Ainda segundo a estudiosa, apesar de serem organismos unicelulares, as bactérias “têm uma capacidade de organização e comunicação muito grande”. Ou seja, quando uma delas adquire um gene de resistência a um determinado antibiótico, transmite a característica para as gerações seguintes e também para bactérias próximas, inclusive de outros gêneros e espécies. Elas podem, então, tornar-se resistentes tanto pela mutação genética como pela aquisição de um gene de outro micro-organismo.

Em paralelo ao avanço das superbactérias houve, como aponta Kiffer, uma mudança de paradigma na indústria farmacêutica — um fator para além da dificuldade natural de achar novas moléculas retratada num documentário do site “Vice” sobre o assunto. Desde 1987 não há novas classes de antibióticos. Em janeiro deste ano, um estudo da revista “Nature” anunciou a descoberta um novo grupo deles, mas todos, por enquanto, em teste.

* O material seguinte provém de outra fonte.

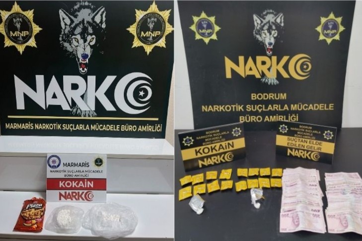 Muğla Emniyet Müdürlüğü Narkotik Suçlarla Mücadele Şube Müdürlüğü ekiplerince Muğla genelinde yapılan Narkotik Suçlarla Mücadele çalışmaları kapsamında uyuşturucu tacirlerine yönelik 5 ayrı operasyonda; 80,7 gram kokain maddesi, 105 adet sentetik ecza, 30 bin 600 TL suçtan elde edildiği değerlendirilen nakit para ele geçirildi.
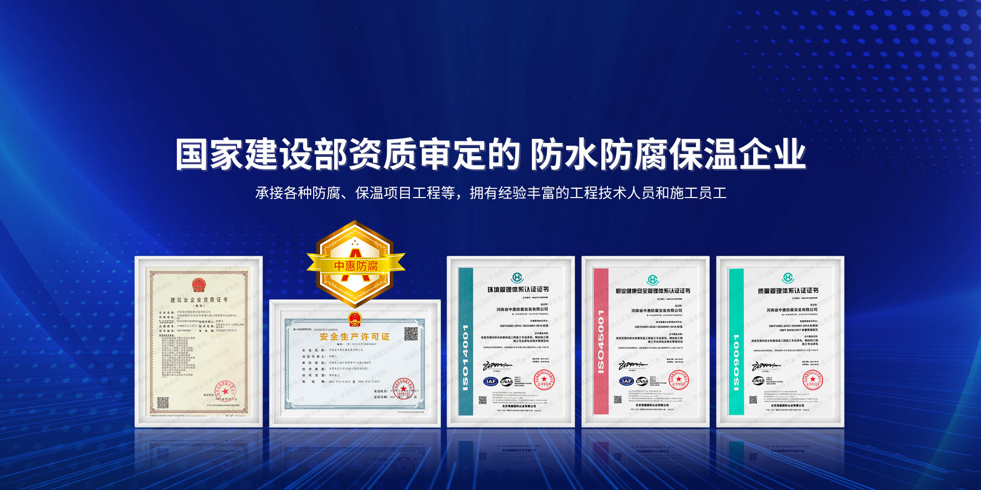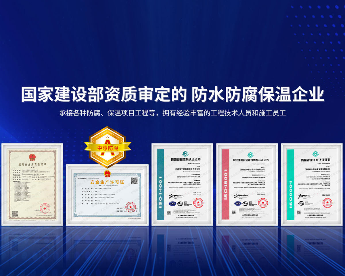 公司經營范圍:防水防腐保溫工程;消防設施工程;建筑裝修裝飾工程;建筑機電安裝工程;電力工程;建筑工程;石油化工工程;工業清洗工程;油罐清洗工程;鋼結構工程;環保工程;模板腳手架工程;電纜防火封堵、防污閃噴涂、外墻外保溫工程;各類施工勞務作業;設備維修、船舶鉚焊、涂裝;電力工程材料、建材、防水材料、防火材料、防腐保溫材料銷售,并相繼通過了GB/T19001-2008idtISO9001:2008GB/T50430-2007質量管理體系認證證書。GB/T24001-2004idtISO14001:2004環境管理體系認證證書。GB/T28001-2011idtOHSAS18001:2007職業健康安全管理體系認證證書。公司是中國防腐蝕于防護協會、中國施工企業管理協會、電力協會和中國鋼結構防水協會會員單位。 公司的經營業務涵蓋了石油、化工、電力、冶金、煤炭、船舶、國防、燃氣、水利、環保、交通運輸、航空及國防軍工和輕紡市政等行業的防腐保溫絕熱設備。鋼結構安裝、防火、防水、金屬噴鍍、聚脲噴繪、陰極保護、防滲透堵漏、玻璃鋼及各種磚版材料襯里、橡膠襯里、煙氣硫和耐酸溶劑腐蝕等工程施工。公司連續十年榮獲“省市先進施工企業”“安全生產先進單位”“重合同,守信用企業”和“AA***資質企業”的稱號。2000年被命名為市級文明單位,2002年被國家工商行政管理局命名為“重合同,守信用的企業”、被中國工業防腐蝕技術協會命名為“防腐蝕企業,能源節約及環境保護領域有豐富的經驗和***的業績。工程一次交驗合格率100%。其中攀枝花鋼鐵公司煉鐵廠四號高爐及熱風爐防腐工程、上海寶鋼公司煤氣柜防腐工程、撫順石油一廠裝置防腐項目、齊魯石化公司稀烴廠高塔防腐工程、吉林化學工業公司煉油廠油罐防腐工程、天津石化熱電廠六號爐頂棚聯絡管保溫工程、大慶油田(太倉)力神泵業工程、中國化學工程第十一建設工程、中原油田勘探局工程、中國石化銷售有限公司華北分部、魯皖輸油管道工程、貴州開磷息烽合成氨工程、陜西黃陵煤化工程、中國石油天然氣西部管道塔里木輸油工程、邯鋼集團邯寶鋼鐵公司煉鐵工程、德州供電工程、吉寶(南通)船廠工程,偃師華潤熱力工程、鄭州熱力總公司。 河南省中惠防腐安裝有限公司愿以豐富的施工經驗,***的技術,***的設備,***的管理,***的服務,竭誠為國內外廣大的用戶提供***滿意、******的工程作品。 我公司愿與國內外同仁一道,團結協作,共同推進防腐蝕行業發展! 公司地址:河南省長垣縣建設路北段360號 固定電話:0373-8866488 郵編:453400 網址:http://www_zhff_com_cn.jnlcdz.com
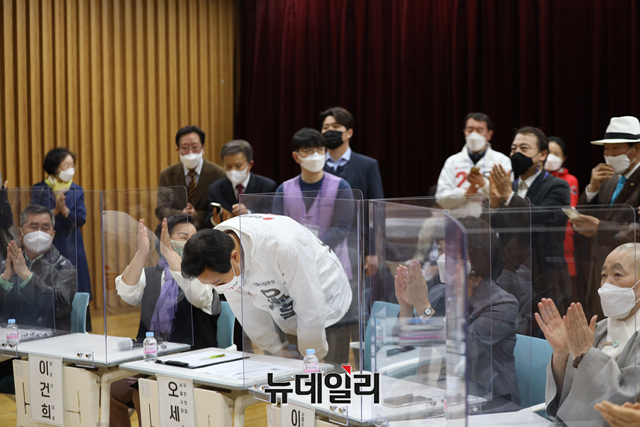[포토] 인사하는 오세훈 국민의힘 서울시장 후보
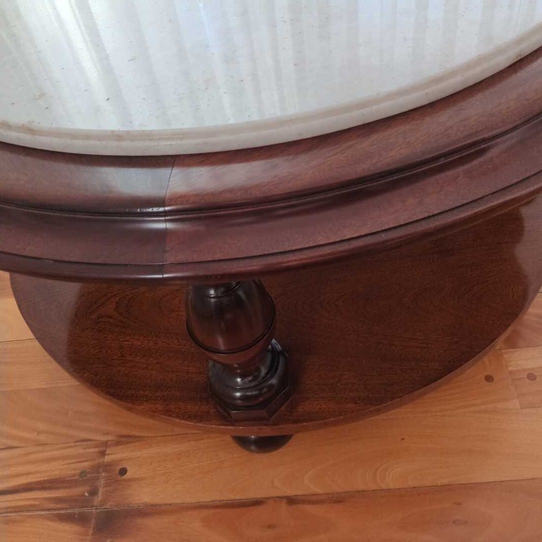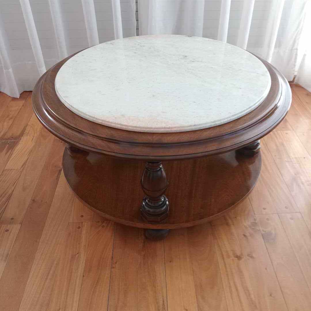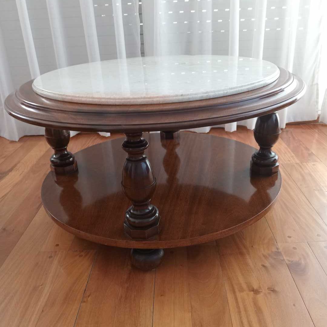 Mesa frente sofá tapa redonda mármol 2 planos. Diám 90 cm. Alt 93 cm. Diám mármol 74 cm.
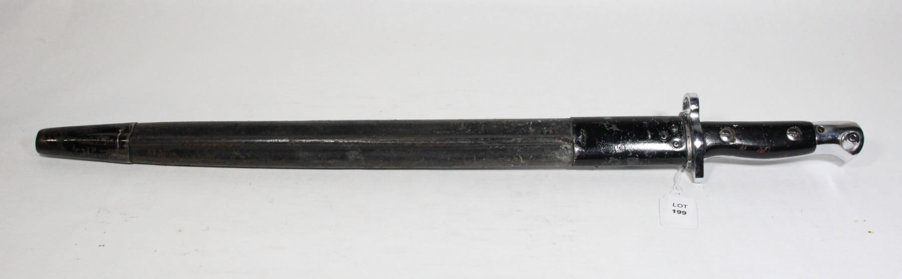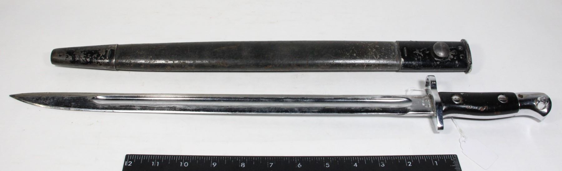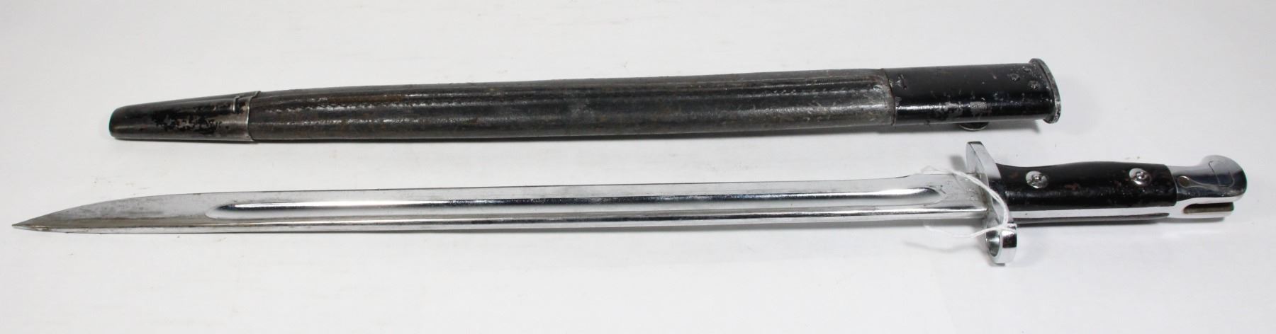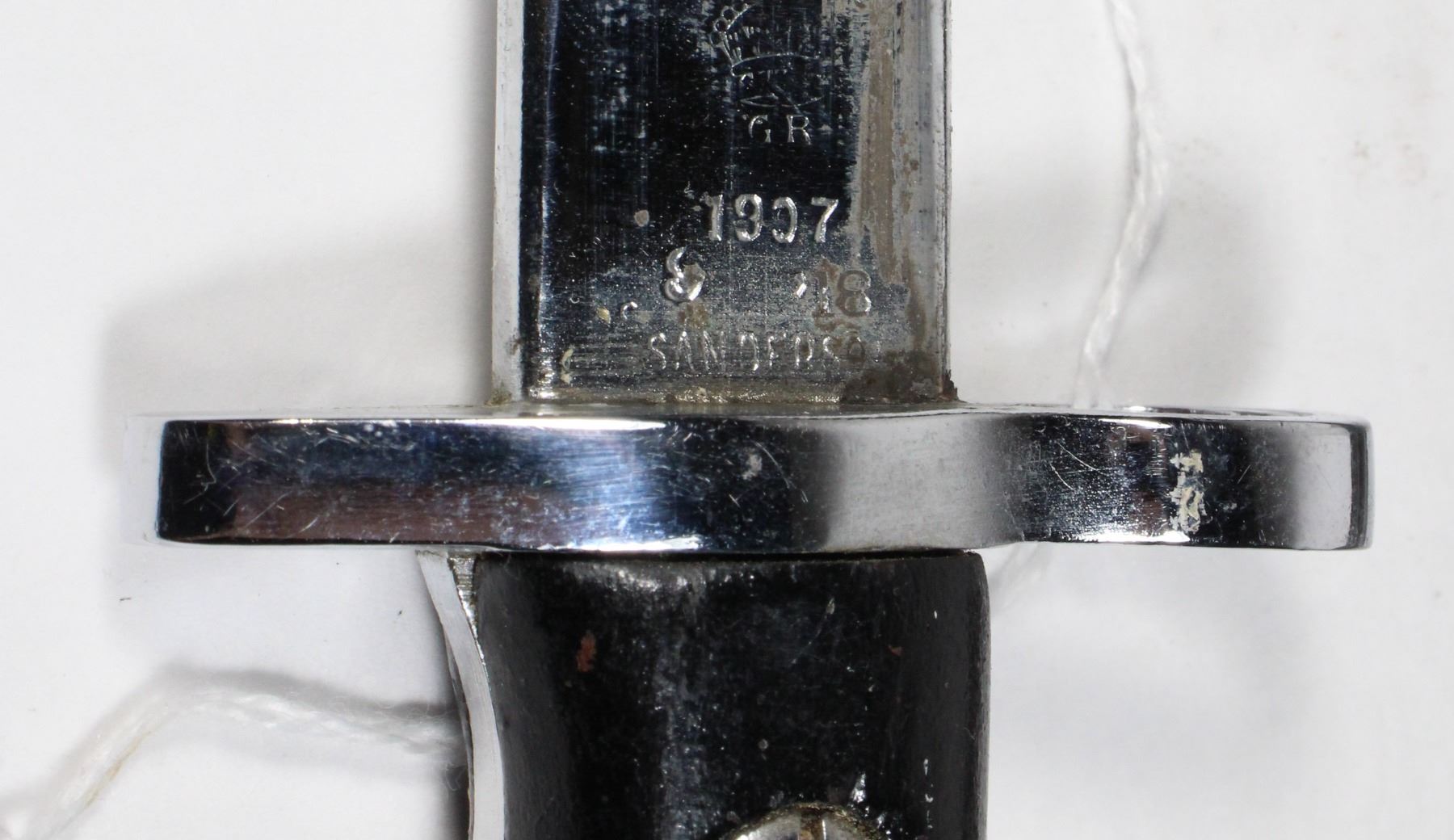 CHROMED BLADE FOR PARADE, SANDERSON AND BROAD ARROW MARKED WITH SCABBARD REISSUED DURING WORLD WAR TWO FOR HOME FRONT. WORLD WAR ONE BRITISH BAYONET BLADE ALLIED FORCES UNITED KINGDOM BRITISH EMPIRE. MEASURES 23 INCHES IN SCABBARD, WITH 17 INCH BLADE.

— Investir em tratamento de infecções é complexo. Requer muito dinheiro, e a comprovação de que um antibiótico funciona é um desafio científico. Houve maior direcionamento para patologias que talvez tenham maior retorno financeiro, como doenças crônicas, onco-hematológicas — esclarece Kiffer.

Apesar da clara negligência da indústria, há a consciência da necessidade de um enfrentamento mundial em diferentes países. Nos Estados Unidos, o FDA (agência reguladora de remédios do país) lançou a iniciativa “10 x 20”, que busca compromisso global para criar uma empresa de pesquisa e desenvolvimento de antibióticos poderosa o suficiente para produzir dez novas classes do remédio até 2020. Já no Brasil, segundo Kiffer, enquanto a academia e pequenas empresas estão envolvidas e buscando alternativas, existe uma esquizofrenia na adoção de medidas de fomento público, já que há “tantas outras coisas em que investir, e essa área, que é tão prioritária, acaba recebendo pouca atenção”.

Uma área promissora de pesquisa diz respeito aos chamados “quebradores de resistência”, compostos que funcionam para aumentar a eficácia dos antibióticos existentes — uma abordagem muito menos custosa do que tentar descobrir drogas inteiramente novas.

A Helperby Therapeutics, empresa fundada pelo professor Anthony Coates, da Universidade de Londres, criou um disjuntor de resistência que age contra a superbactéria MRSA. O composto, conhecido como HT61, em breve entrará em ensaios clínicos na Índia.

Marisa diz que também é importante aprimorar as medidas de prevenção, com maior controle no descarte dos antibióticos, para que não contaminem os rios, e buscar outras formas de terapia, como vacinas contra infecções. E alertar fortemente a população contra a automedicação: é preciso ir ao médico para saber se realmente é necessário tomar antibióticos. Quando há indicação, deve-se respeitar as horas e ir até o final do período recomendado de tratamento, sem interrupção.